Friday, March 13, 2009

A Conversation With Barbara Russell


"You ran into people wherever you went, except the mail box (laughs), never at the mailbox! When I would go shopping at the Giant in Wilde Lake, it would take me literally hours to get out of there, not that I was shopping so much but you know you'd have a conversation in every isle, in isle four with Helen and you know that's how it was with everybody. You'd go to the grocery store and you'd spend an eternity there because you met everybody you knew and you just had conversations."

One summer day in 1967, Barbara and Charles Russell were driving down Route 29 from Baltimore to visit friends in Rockville when they noticed the do not enter sign near the development of Columbia had been removed, so they entered. In July, they moved in, become two of the first 100 residents in Columbia.

"There was almost nothing in Columbia at the time, there wasn't even a village center. In fact, when we drove around there were these little muddy circles and we asked somebody what they were and they said oh those are going to be cul-de-sacs. And we said what the heck are cul-de-sacs?"

At the time, the Russells had followed their jobs at the Social Security Administration from California. Before moving to Columbia, they had lived in Woodlawn and even had to get married in Washington D.C., because it was illegal for an interracial couple to marry in Maryland.

"When I married Charles, my family was dead set against it and they felt and told me that they thought that I would forever be living on the fringes of society and my children."

Russell says that for most of the early residents, Columbia was their first experience in an integrated community. She recalls the day an older couple moved into the apartment above them. They mistook Charles for the maintenance man, requesting that he help them move in.

"So he did, he helped them move their stuff upstairs and when he was all finished he said let me introduce myself, I'm your neighbor Charles Russell, from the apartment down below."

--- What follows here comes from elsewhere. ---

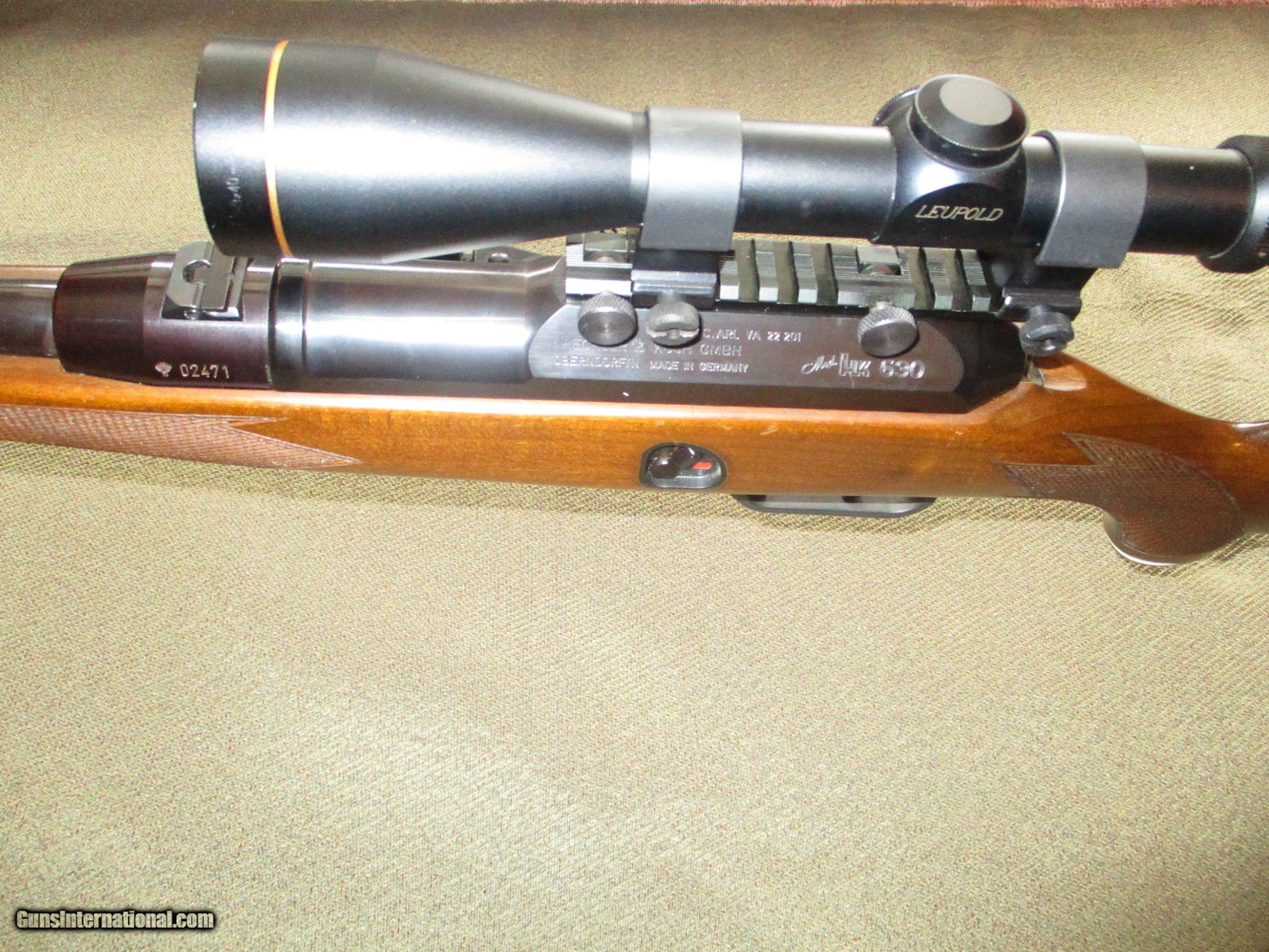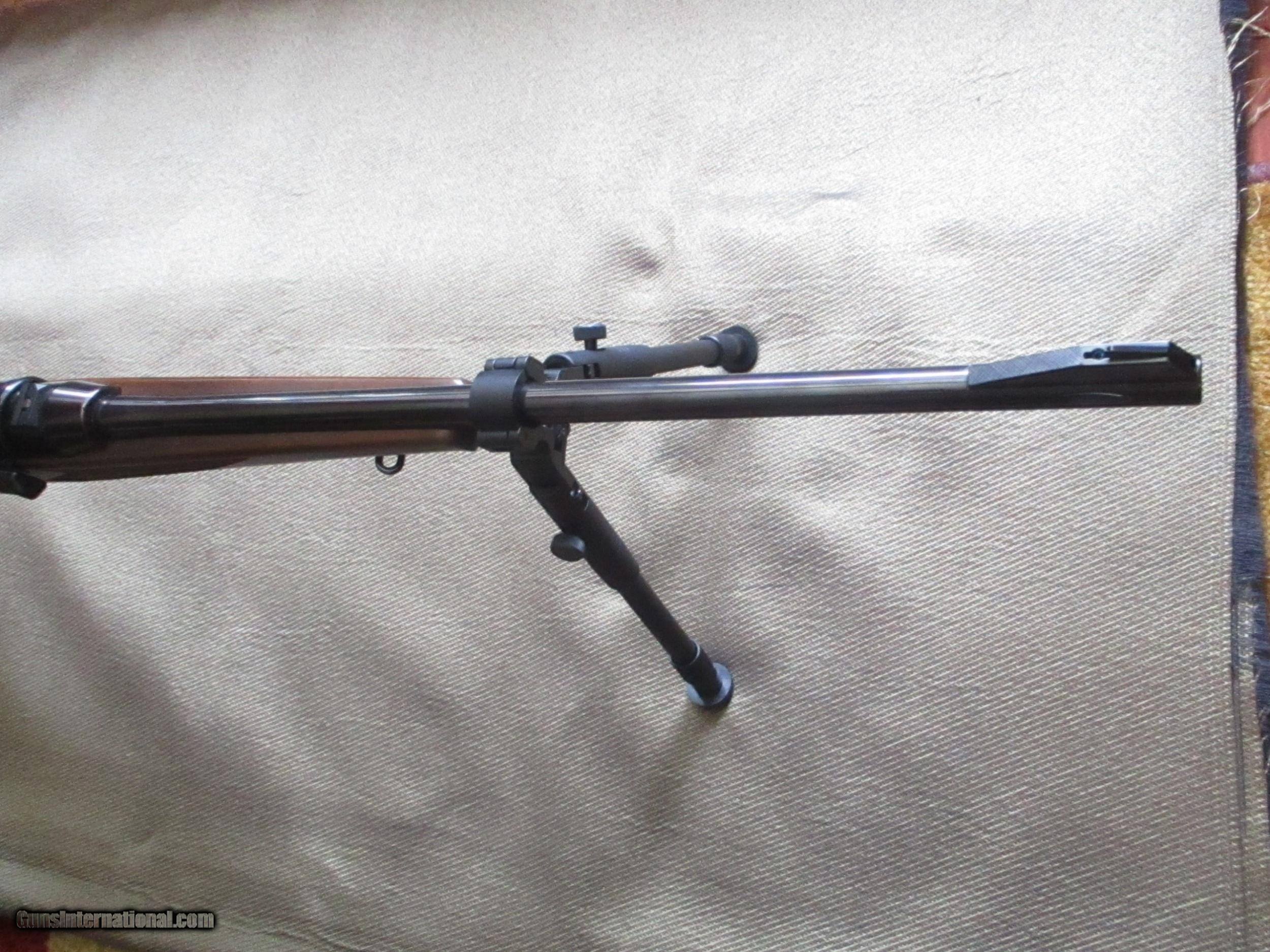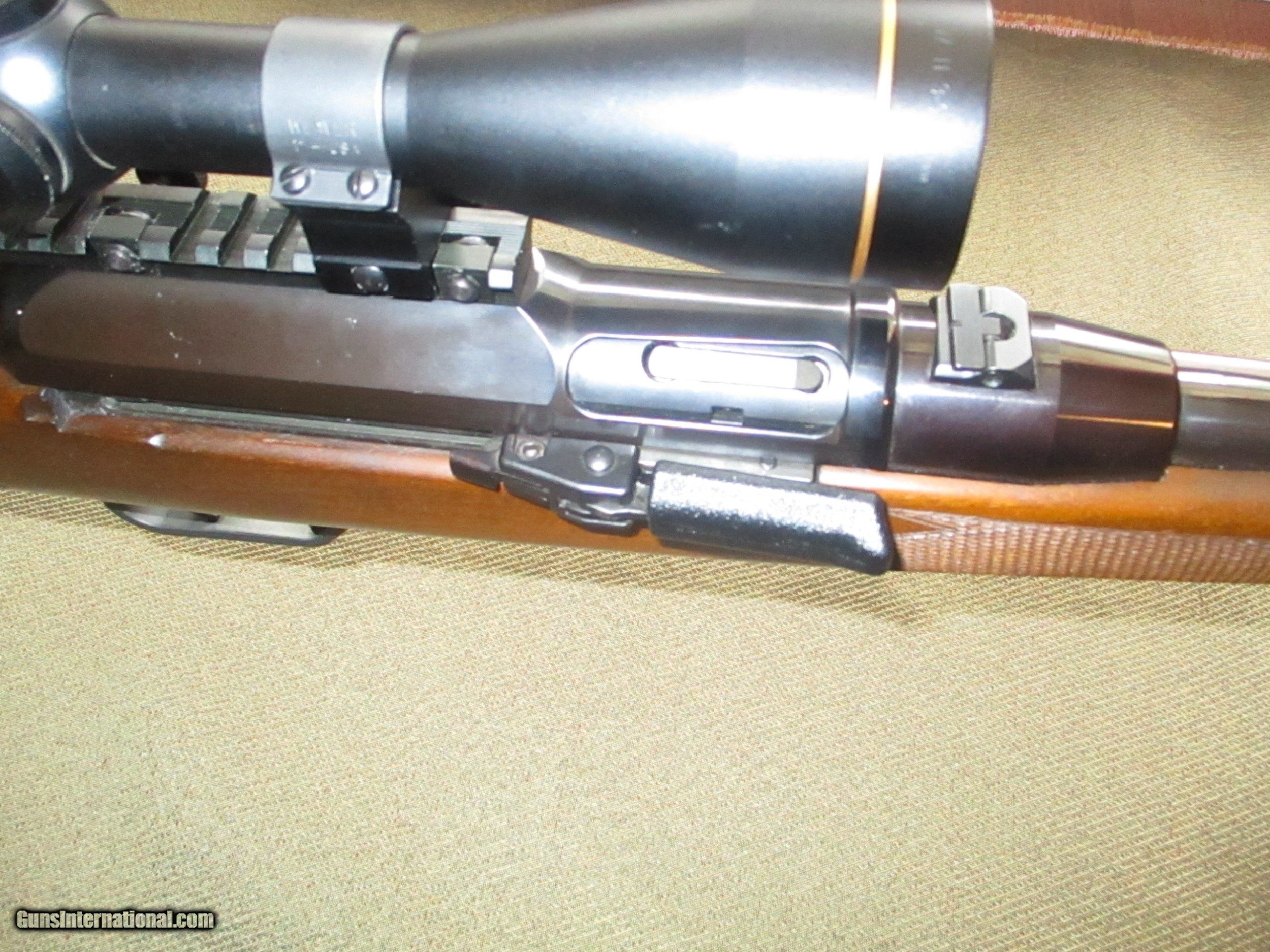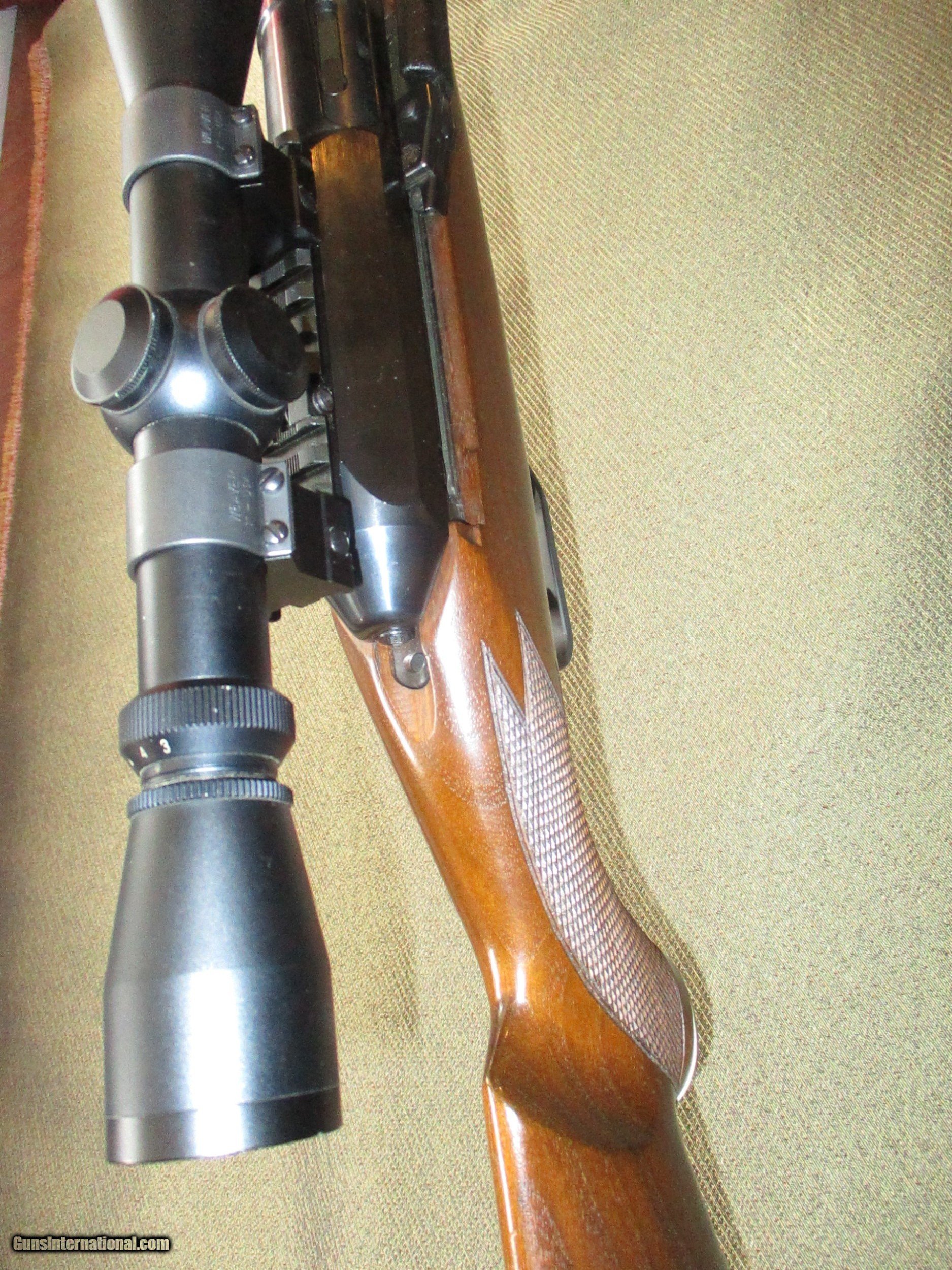 Description: 17.7" bbl. with or W/ muzzlebrake , raised front blade, open rear, quick detatch Optics mounts with Leupold Vari-X 11 3x X 9x X40mm WA, blowback action , 4rd. factory mag., select European checkered walnut with EURO style cheekpiece, bbl. mount bi-pod, 99% as new, no visable blemishes, SOLD |

42 years later, Russell thinks things have changed, that after James Rouse stopped driving the Rouse Company, the bottom line took the wheel instead of the vision. In her mind, the biggest problem of early Columbia was public transportation. When asked about current problems, she spoke about General Growth Properties.

"GGP is not giving anything to the county, it just wants the density and zoning changes worth billions and is not agreeing to pay for the costs of infrastructure to pay for affordable housing, to pay for cultural amenities, its not, it doesn't want to pay and hasn't promised to pay and hasn't agreed to pay for anything. And now it can't afford to pay for anything. And so it would be in my mind, a real rip if you will off to the taxpayers, to allow them to do that without any of the trade offs."